President Harry S Truman, announcing the news from the cruiser, USS Augusta, in the mid-Atlantic, said the device was more than 2,000 times more powerful than the largest bomb used to date.

An accurate assessment of the damage caused has so far been impossible due to a huge cloud of impenetrable dust covering the target. Hiroshima is one of the chief supply depots for the Japanese army.

The bomb was dropped from an American B-29 Superfortress, known as Enola Gay, at 0815 local time.

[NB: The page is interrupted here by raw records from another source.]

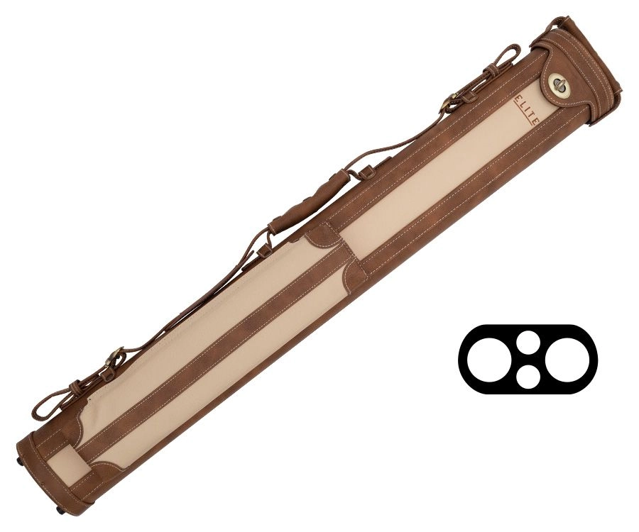 Made of 2 tone brown leather and vinyl, with white stitching, this case looks sweet! It has carrying handle on the top and side and a shoulder strap that can be fixed to the handle to keep it out of the way.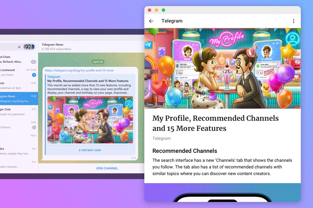 텔레그램의 크로스플랫폼 데스크탑 앱은 이제 웹사이트에 대한 즉시 보기를 지원하여, 페이지와 모든 미디어를 앱에서 로딩 시간 없이 직접 열 수 있습니다.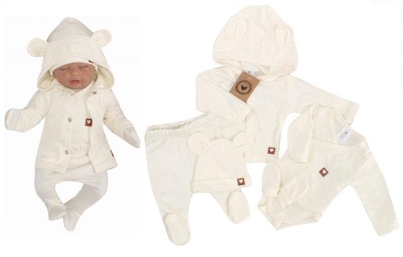 Sada do porodnice 5D, body, polodupačky, kabátek, čepička, rukavičky - ecru, vel. 56; 56 (1-2m)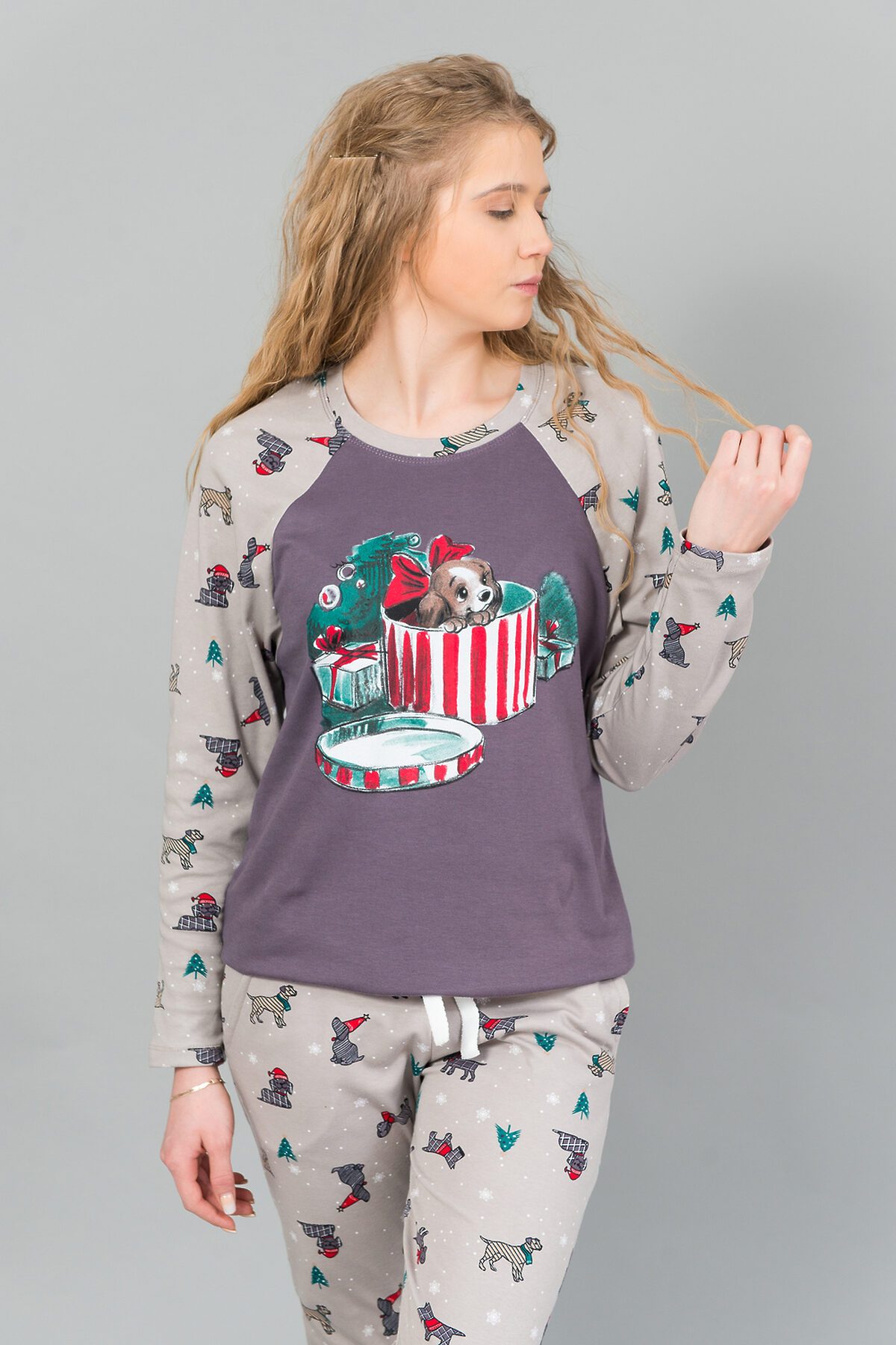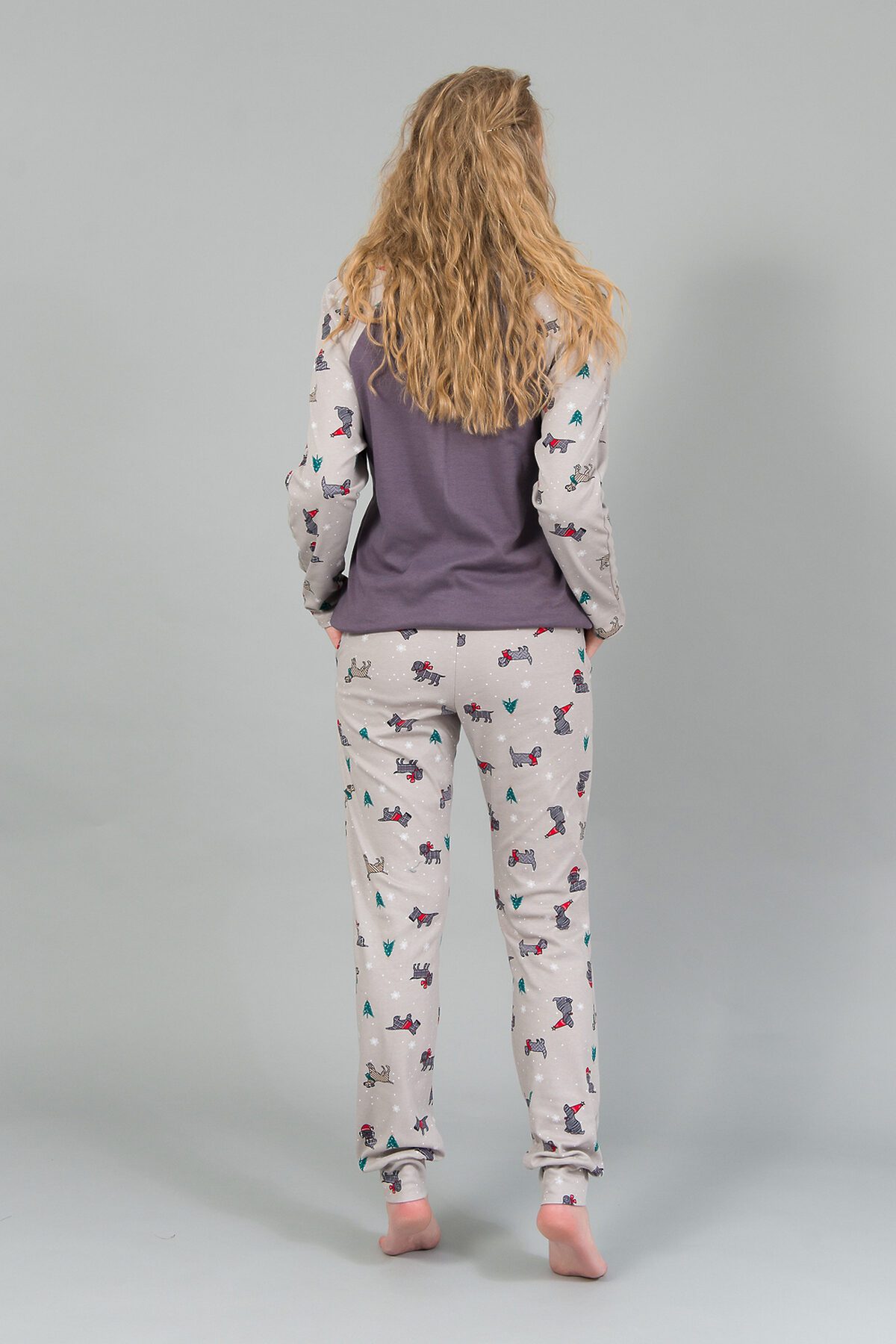 Уютная женская пижама с брюками и кофтой из полуприлегающего кроя. Дизайн позволяет использовать данную модель как пижаму для сна, так и в качестве костюма для дома. Модель выполнена из высококачественного интерлока.

The plane's crew say they saw a column of smoke rising and intense fires springing up.


We found the Japanese in our locality were not eager to befriend us - after all, they had not long ago had the most fearful weapon of all time dropped on their doorstep

People's War memories »

The President said the atomic bomb heralded the "harnessing of the basic power of the universe". It also marked a victory over the Germans in the race to be first to develop a weapon using atomic energy.

President Truman went on to warn the Japanese the Allies would completely destroy their capacity to make war.

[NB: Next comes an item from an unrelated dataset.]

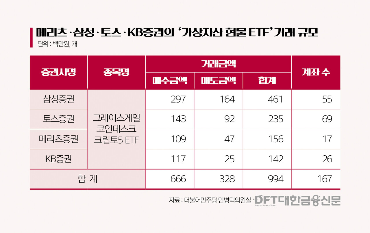25일 본지가 민병덕 더불어민주당 의원실로부터 입수한 자료에 따르면, 메리츠·삼성·토스·KB 등 4개 증권사에서 거래된 해외 가상자산 현물 ETF 거래 규모는 총 6억6600만원으로 집계됐다.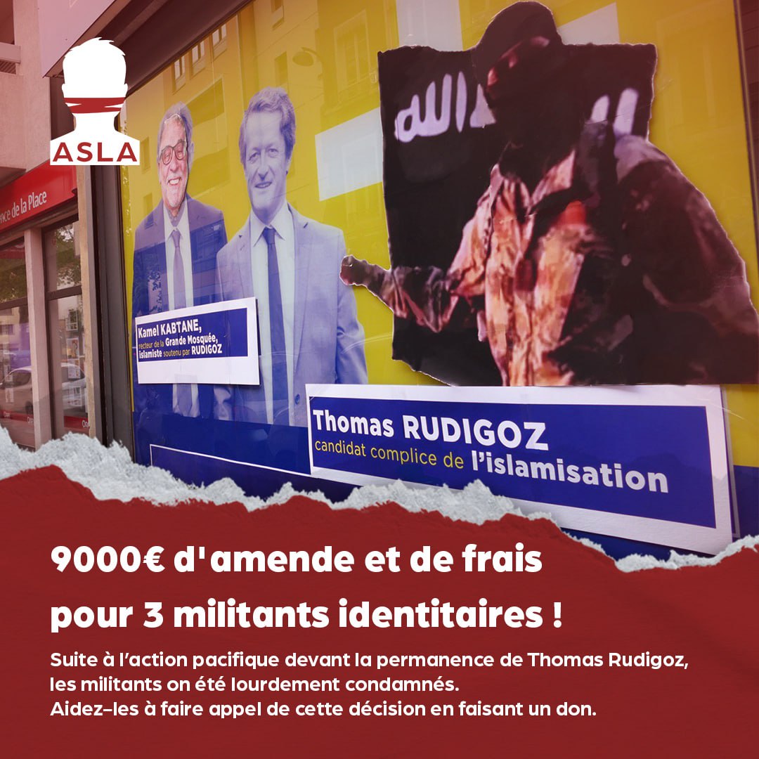 Pour rappel, il leur est reproché d'avoir participé à une action en mai 2020 devant la permanence du député Thomas Rudigoz. Au moyen d'affiches apposées sur la façade, les militants avaient dénoncé la complaisance de l'élu avec l'islamiste Kamel Kabtane.

The Potsdam declaration issued 10 days ago, which called for the unconditional surrender of Japan, was a last chance for the country to avoid utter destruction, the President said.

"If they do not now accept our terms they may expect a rain of ruin from the air the like of which has never been seen on Earth. Behind this air attack will follow by sea and land forces in such number and power as they have not yet seen, but with fighting skill of which they are already aware."

The British Prime Minister Clement Attlee, who has replaced Winston Churchill at Number 10, read out a statement prepared by his predecessor to MPs in the Commons.

It said the atomic project had such great potential the government felt it was right to pursue the research and to pool information with atomic scientists in the US.

As Britain was considered within easy reach of Germany and its bombers, the decision was made to set up the bomb-making plants in the US.

The statement continued: "By God's mercy, Britain and American science outpaced all German efforts. These were on a considerable scale, but far behind. The possession of these powers by the Germans at any time might have altered the result of the war."

Mr Churchill's statement said considerable efforts had been made to disrupt German progress - including attacks on plants making constituent parts of the bomb.

He ended: "We must indeed pray that these awful agencies will be made to conduce peace among the nations and that instead of wreaking measureless havoc upon the entire globe they become a perennial fountain of world prosperity."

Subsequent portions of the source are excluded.